I was one of those that had to have the "In Bike", loved them all, from KHS to Kona, Gt to Dean ect, ect.
After not riding for years, and ALOT of change in the Industry, I bought my used 1998 Airborne Ti
bike, and I haven't looked back. I don't need 29er wheels, full squish, gobs of travel or disk brakes.
I also refuse to pay as much for a new bike as for a low mileage car. Nothing, and I feel nothing, rides
like an old bike, or at least mine, quick and agile, and if I have to have a big wheel or disc brakes to ride a trail, then I am doing something wrong on my part, not the bike. Not knocking those who have the new stuff, I just don't need it. And as far as "Big name label", not my thing ether, as most of the
brands I rode in the past were new and just starting out when I started riding.


----------



## Hang 21 (Dec 23, 2007)

My first bike, a 95 Trek 930. I probably shouldn't be in this thread because, technically, I'm not still riding it, but it was reincarnated and has kept on tickin' for another family member.


----------



## Moo Shoo Pork (Jan 17, 2004)

andyb_aka_shredward said:


> This story has inspired me. I still have and ride my 2003 Gary Fisher Tassajara, which was my first mountain bike I got after deciding I wanted to more seriously get into riding.
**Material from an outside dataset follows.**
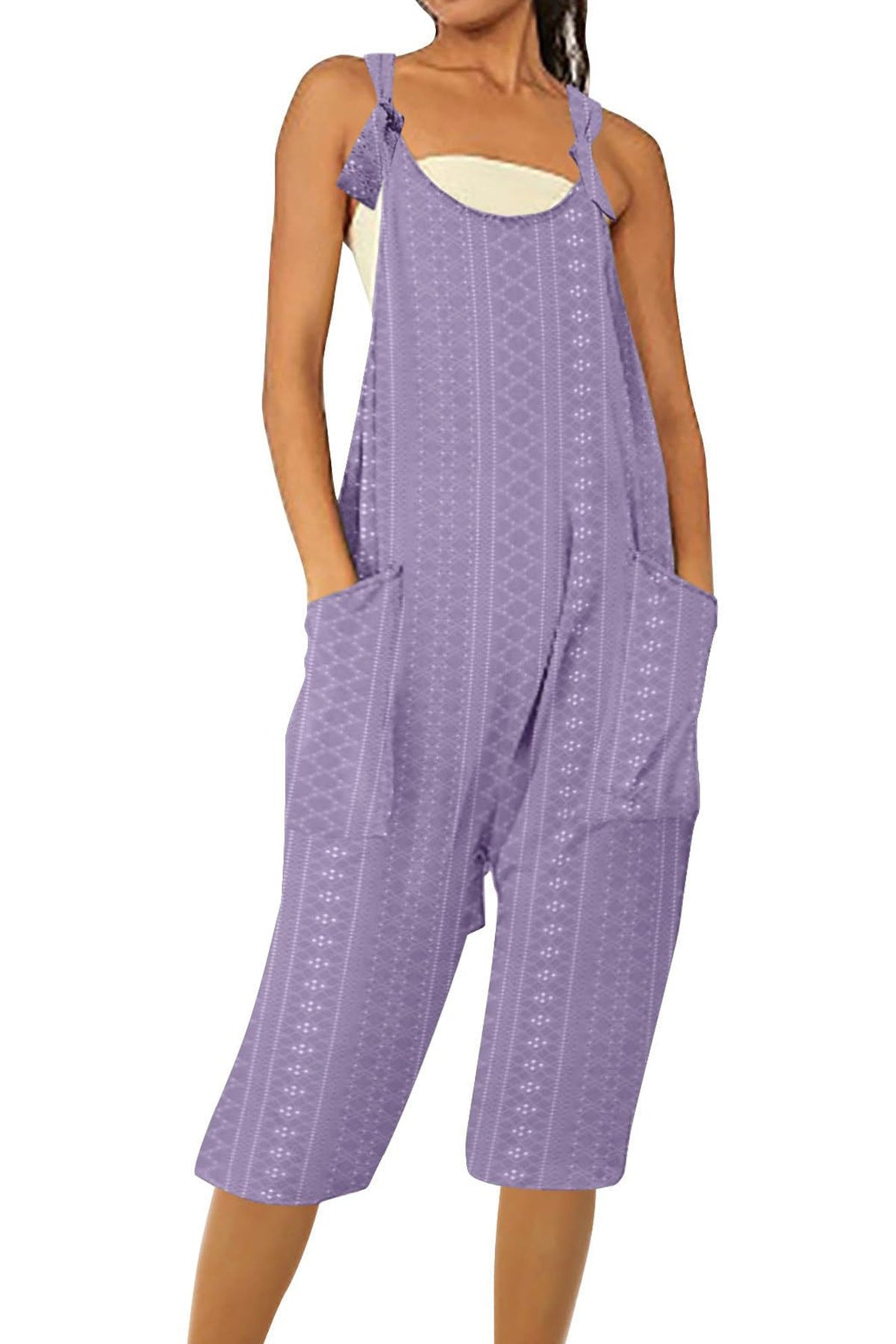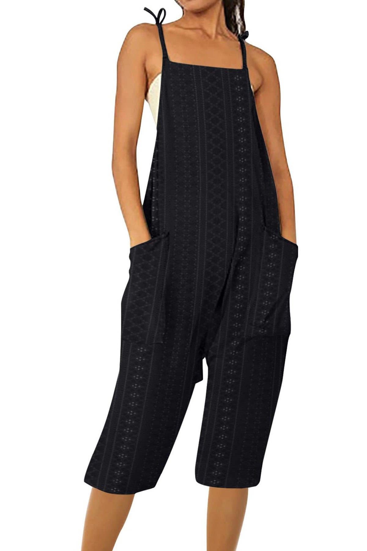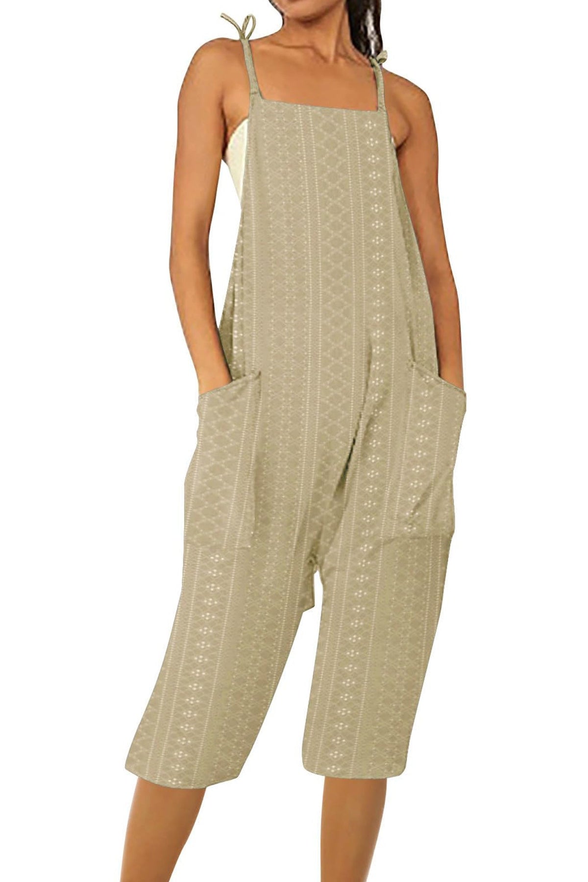 Pocket Eyelet Cami Capri Jumpsuits

I rode that sucker hard for six years until I finally had the money to get my fancy schmancy Blur LT2 in '10. I use the Blur for trail these days, but I still love riding my Fisher,


My first ever real mountain bike was a 2002 GF Tassajara. And, no my main ride is a 05 Blur LT that I have completely upgraded with the latest and greatest. I read your story about the Tassajara and back when I owned it I had an extra set of wheels with road tires. I gave that bike to my bro his still rides it when he is not doing the roadie/tri thing. That was a sweet bike.


----------



## freighttrainuphill (Feb 3, 2012)

Great story! :thumbsup: Brings back memories of my first decent mountain bike, a 1989 Specialized HardRock, bought new for $279 (those were the days!). It actually had a real crankset with detachable chainrings, not the cheap one piece cranks like my new Trek Wahoo Disc 29, which I paid exactly $300 more for than the HardRock.

Back then I didn't know about proper mtb sizing, so I sized it like a road bike and bought a 19" frame, even though I'm only a 5' 4" female. I rode the you-know-what out of that thing! It took me up and down the steep fire roads of Mt. Tamalpais, the singletrack of the Auburn Clementine, Fuel Break, Culvert, Confluence, and other trails in that area that are part of the mtb trail system up there. It took me out and back on Salmon Falls, up and down Flagstaff Hill, Sweetwater, and up and down some sweet singletrack in the real mountains at high altitude. It even took me airborne off some dirt jumps near the paved bike trail in my area.

I climbed every hill I could with that bike, including the 31.5% grade 22nd Street in San Francisco. The friend who drove me down there bet me $10 that I couldn't climb it. He lost. 

It was fully rigid most of that time. I bought some Control Stix bar ends. These were the old-school bar ends that fit inside the handlebar instead of clamping to the outside of the bar. Eventually I bought a Girvin Flexstem for it, which helped on the bumpy stuff.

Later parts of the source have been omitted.